(PROBLEM REQUIREMENTS):
From the entries below, output the line with "New – Open box" and each following line up to and including the line with "Top 9% of customers", exactly as written.

(PROVIDED INFORMATION):
⁂
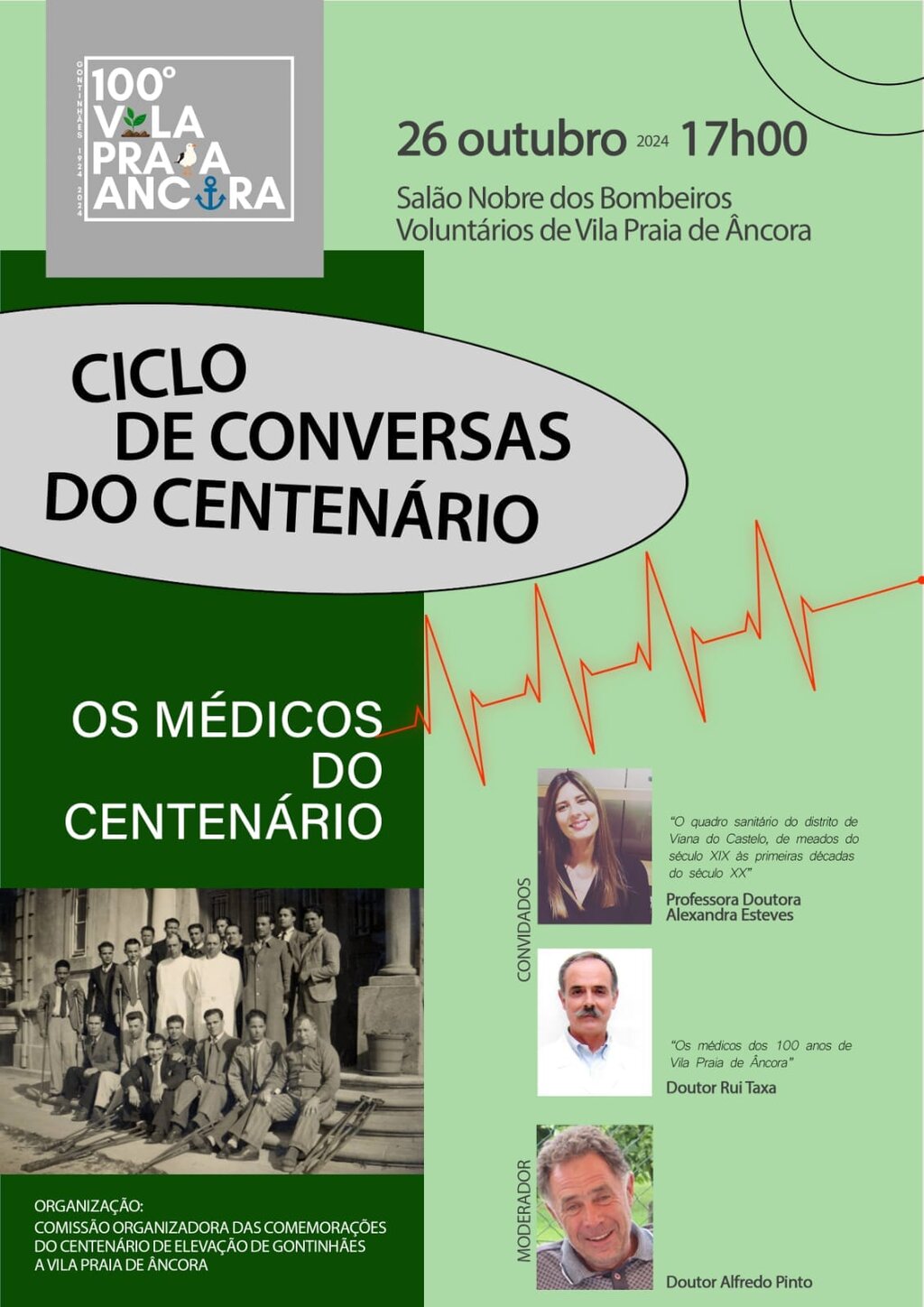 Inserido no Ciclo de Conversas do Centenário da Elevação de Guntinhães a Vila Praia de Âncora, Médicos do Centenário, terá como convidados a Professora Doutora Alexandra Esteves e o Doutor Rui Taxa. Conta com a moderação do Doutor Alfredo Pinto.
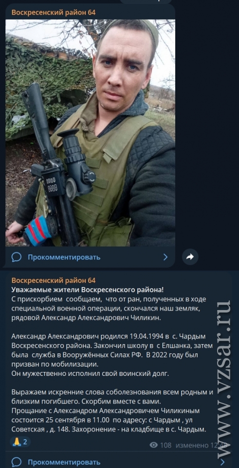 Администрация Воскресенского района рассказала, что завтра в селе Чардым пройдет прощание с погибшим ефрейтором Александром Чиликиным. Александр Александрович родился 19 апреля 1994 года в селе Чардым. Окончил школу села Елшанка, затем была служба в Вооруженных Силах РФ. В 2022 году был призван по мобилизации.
⁂
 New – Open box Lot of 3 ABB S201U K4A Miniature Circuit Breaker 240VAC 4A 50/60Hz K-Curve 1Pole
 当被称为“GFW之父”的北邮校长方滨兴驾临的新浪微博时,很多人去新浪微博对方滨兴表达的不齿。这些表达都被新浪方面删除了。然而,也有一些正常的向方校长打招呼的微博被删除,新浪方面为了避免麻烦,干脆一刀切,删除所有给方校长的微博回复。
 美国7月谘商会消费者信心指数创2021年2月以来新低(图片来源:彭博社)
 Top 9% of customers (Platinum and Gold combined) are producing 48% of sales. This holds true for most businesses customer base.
⁂
(WRITTEN RESPONSE):
 New – Open box Lot of 3 ABB S201U K4A Miniature Circuit Breaker 240VAC 4A 50/60Hz K-Curve 1Pole
 当被称为“GFW之父”的北邮校长方滨兴驾临的新浪微博时,很多人去新浪微博对方滨兴表达的不齿。这些表达都被新浪方面删除了。然而,也有一些正常的向方校长打招呼的微博被删除,新浪方面为了避免麻烦,干脆一刀切,删除所有给方校长的微博回复。
 美国7月谘商会消费者信心指数创2021年2月以来新低(图片来源:彭博社)
 Top 9% of customers (Platinum and Gold combined) are producing 48% of sales. This holds true for most businesses customer base.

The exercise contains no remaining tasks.